**ASSIGNMENT**
With pictures left out, extract every line between the start of the records below and the line holding "Jonas G. Pontusson.", inclusive.

START EXTRACTED INFORMATION

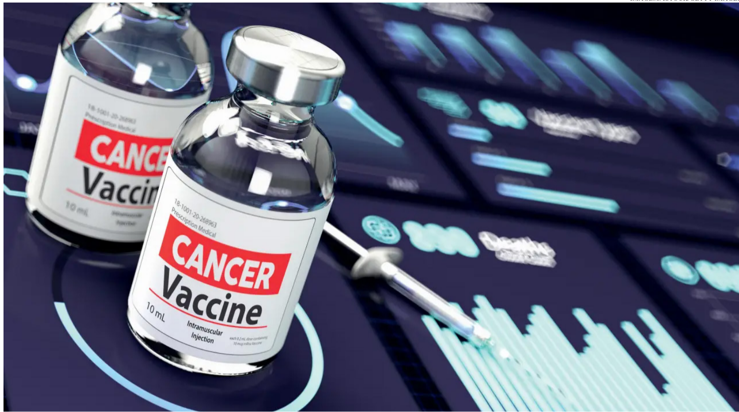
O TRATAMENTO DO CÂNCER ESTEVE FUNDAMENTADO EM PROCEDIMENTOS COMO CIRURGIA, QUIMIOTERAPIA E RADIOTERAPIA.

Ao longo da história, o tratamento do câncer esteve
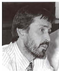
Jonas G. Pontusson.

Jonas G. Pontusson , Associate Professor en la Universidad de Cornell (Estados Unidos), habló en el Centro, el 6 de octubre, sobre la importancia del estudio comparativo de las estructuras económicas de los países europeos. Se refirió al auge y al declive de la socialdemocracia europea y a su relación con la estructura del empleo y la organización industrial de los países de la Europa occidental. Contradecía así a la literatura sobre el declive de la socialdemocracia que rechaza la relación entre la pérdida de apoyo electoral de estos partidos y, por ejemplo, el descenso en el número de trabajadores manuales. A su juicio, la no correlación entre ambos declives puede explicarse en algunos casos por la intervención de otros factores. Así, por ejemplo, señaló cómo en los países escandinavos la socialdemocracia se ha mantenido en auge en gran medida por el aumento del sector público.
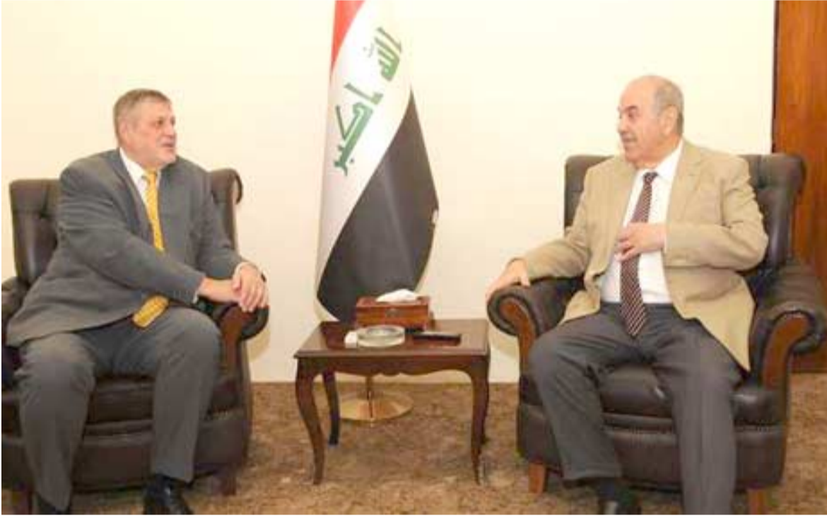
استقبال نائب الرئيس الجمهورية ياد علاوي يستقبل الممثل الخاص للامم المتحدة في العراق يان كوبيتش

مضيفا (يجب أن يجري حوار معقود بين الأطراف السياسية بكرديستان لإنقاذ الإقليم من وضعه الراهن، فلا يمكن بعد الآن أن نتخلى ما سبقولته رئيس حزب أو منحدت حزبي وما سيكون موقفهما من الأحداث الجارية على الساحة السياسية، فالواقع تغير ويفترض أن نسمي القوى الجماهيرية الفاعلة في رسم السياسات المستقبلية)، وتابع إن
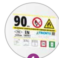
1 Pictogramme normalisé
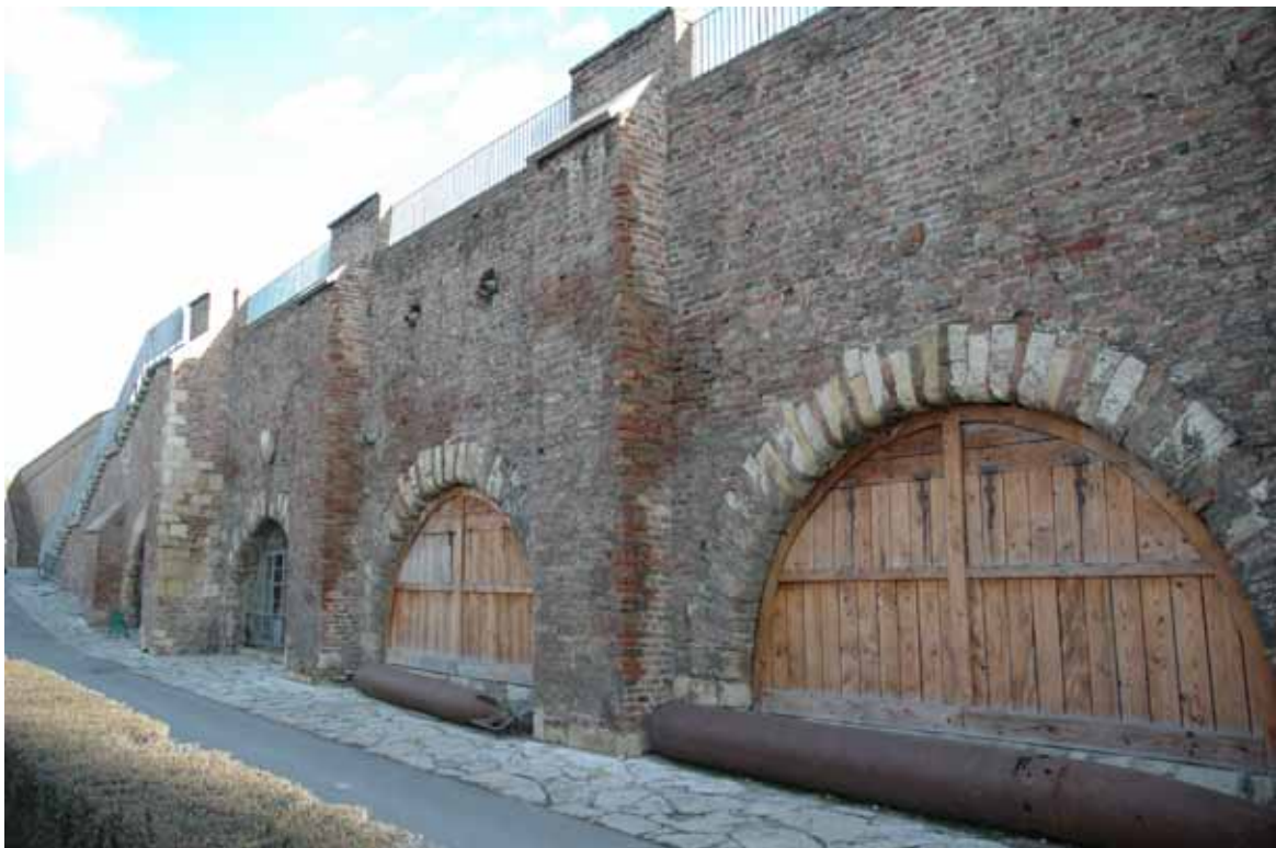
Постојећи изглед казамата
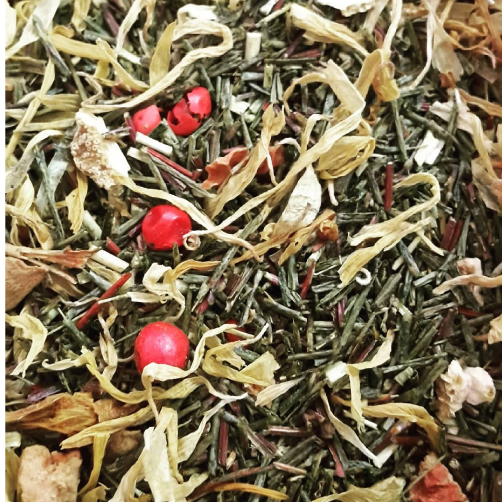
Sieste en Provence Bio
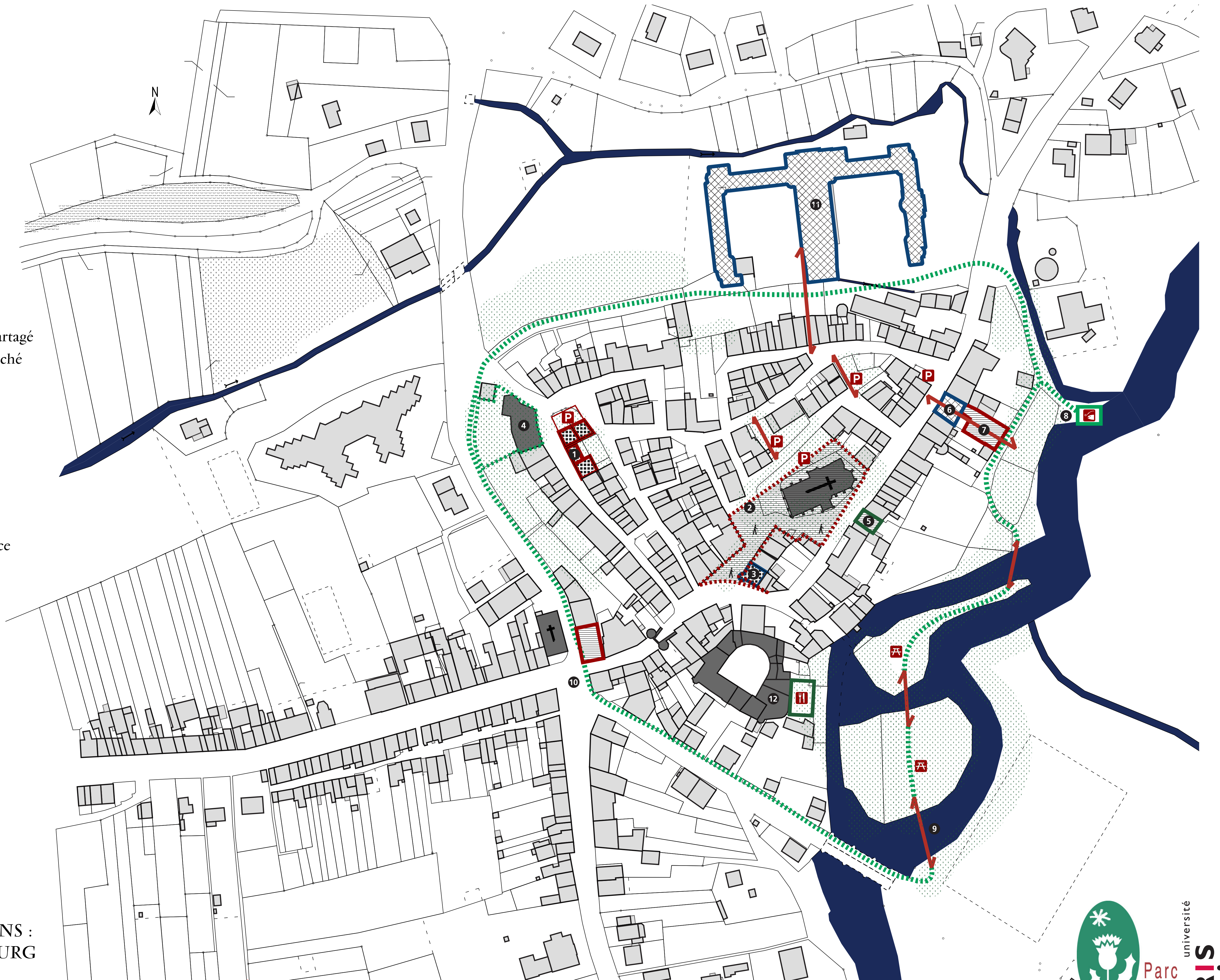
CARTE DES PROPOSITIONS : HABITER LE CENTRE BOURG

END EXTRACTED INFORMATION

**TASK OUTPUT**
O TRATAMENTO DO CÂNCER ESTEVE FUNDAMENTADO EM PROCEDIMENTOS COMO CIRURGIA, QUIMIOTERAPIA E RADIOTERAPIA.

Ao longo da história, o tratamento do câncer esteve
Jonas G. Pontusson.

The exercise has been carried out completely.